INPUT MATERIAL Block Start

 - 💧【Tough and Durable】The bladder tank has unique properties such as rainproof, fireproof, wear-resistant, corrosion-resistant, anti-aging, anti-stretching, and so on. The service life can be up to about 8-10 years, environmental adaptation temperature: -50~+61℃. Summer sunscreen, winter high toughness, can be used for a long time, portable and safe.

INPUT MATERIAL Block End
INPUT MATERIAL Block Start

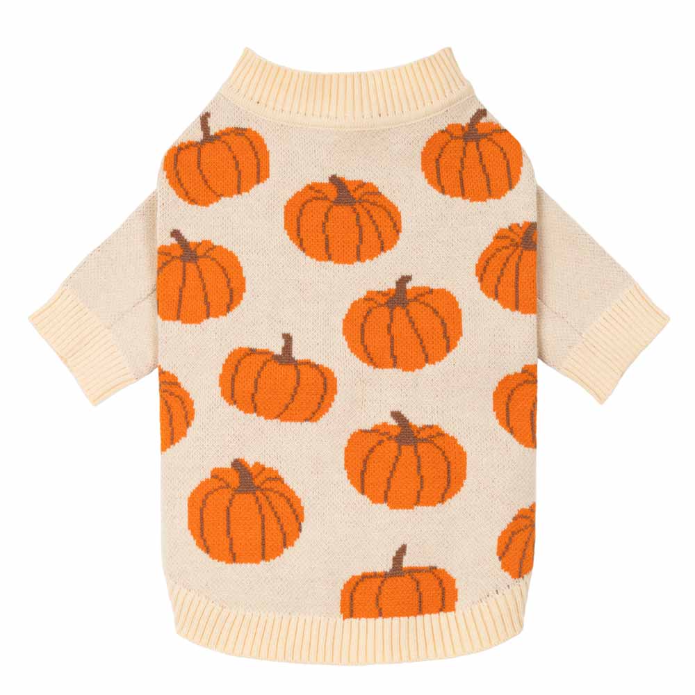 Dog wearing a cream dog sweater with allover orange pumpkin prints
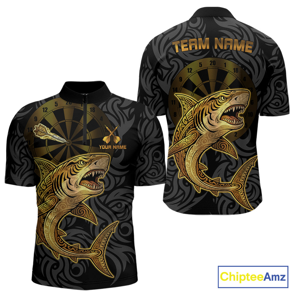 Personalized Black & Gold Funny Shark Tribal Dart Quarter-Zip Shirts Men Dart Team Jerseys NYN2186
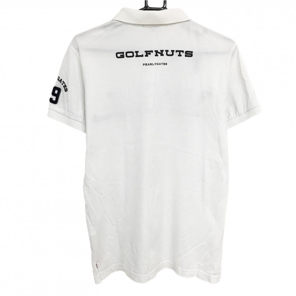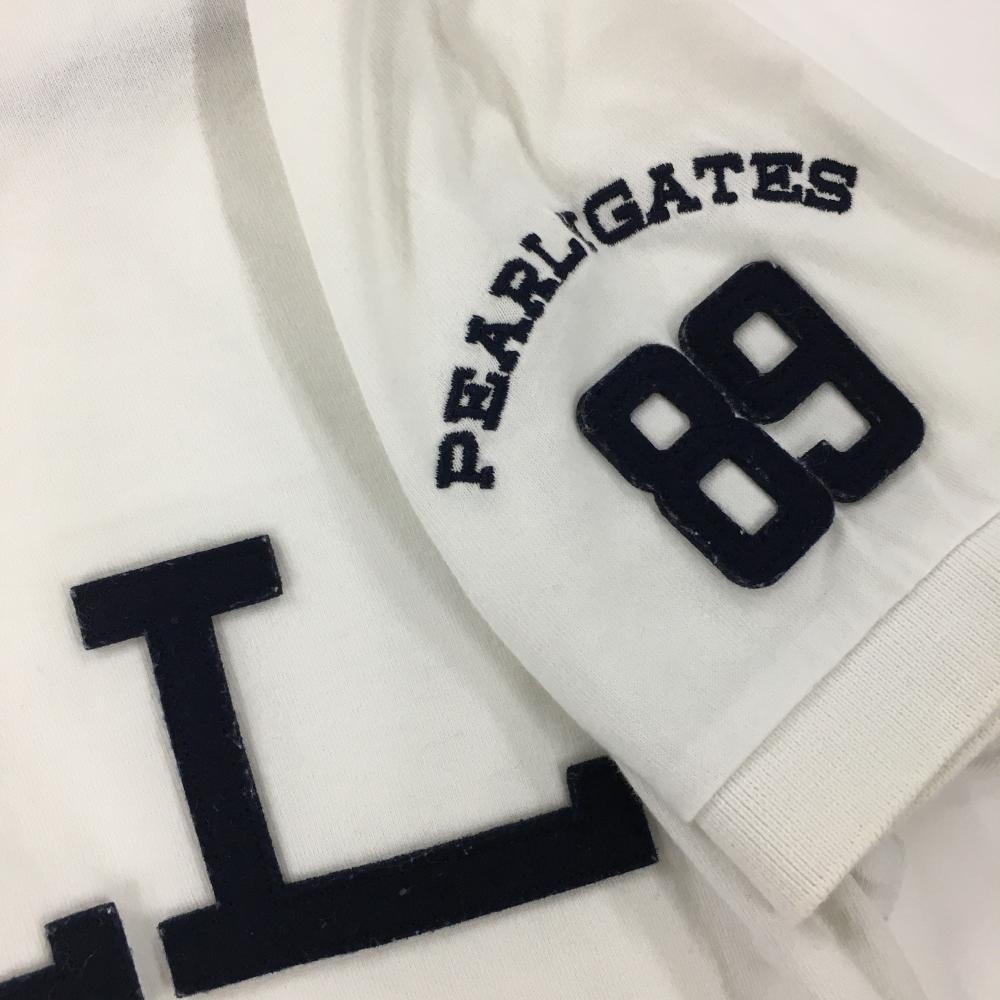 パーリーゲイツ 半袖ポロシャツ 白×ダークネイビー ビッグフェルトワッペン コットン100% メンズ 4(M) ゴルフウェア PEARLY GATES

INPUT MATERIAL Block End
INPUT MATERIAL Block Start

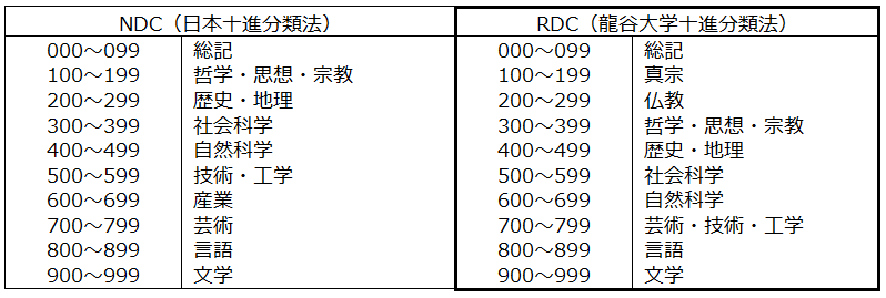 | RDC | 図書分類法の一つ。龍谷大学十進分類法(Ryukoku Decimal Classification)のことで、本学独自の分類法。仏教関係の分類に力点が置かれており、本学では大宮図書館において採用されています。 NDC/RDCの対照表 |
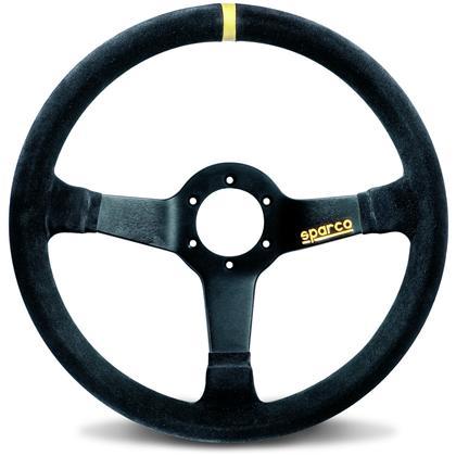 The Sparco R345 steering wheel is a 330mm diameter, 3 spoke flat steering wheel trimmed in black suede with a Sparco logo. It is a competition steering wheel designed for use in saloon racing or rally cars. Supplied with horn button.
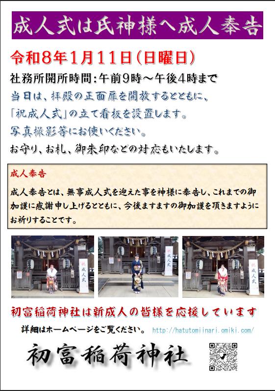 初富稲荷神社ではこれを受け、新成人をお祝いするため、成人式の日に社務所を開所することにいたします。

INPUT MATERIAL Block End

• _EXERCISE INSTRUCTIONS_
Using the entries above, write out exactly the lines from the one with "RDC | 図書分類法の一つ。龍谷大学十進分類法(Ryukoku" through the one with "初富稲荷神社ではこれを受け、", ends included. Leave out any pictures.

• _TASK ANSWER_
 | RDC | 図書分類法の一つ。龍谷大学十進分類法(Ryukoku Decimal Classification)のことで、本学独自の分類法。仏教関係の分類に力点が置かれており、本学では大宮図書館において採用されています。 NDC/RDCの対照表 |
 The Sparco R345 steering wheel is a 330mm diameter, 3 spoke flat steering wheel trimmed in black suede with a Sparco logo. It is a competition steering wheel designed for use in saloon racing or rally cars. Supplied with horn button.
 初富稲荷神社ではこれを受け、新成人をお祝いするため、成人式の日に社務所を開所することにいたします。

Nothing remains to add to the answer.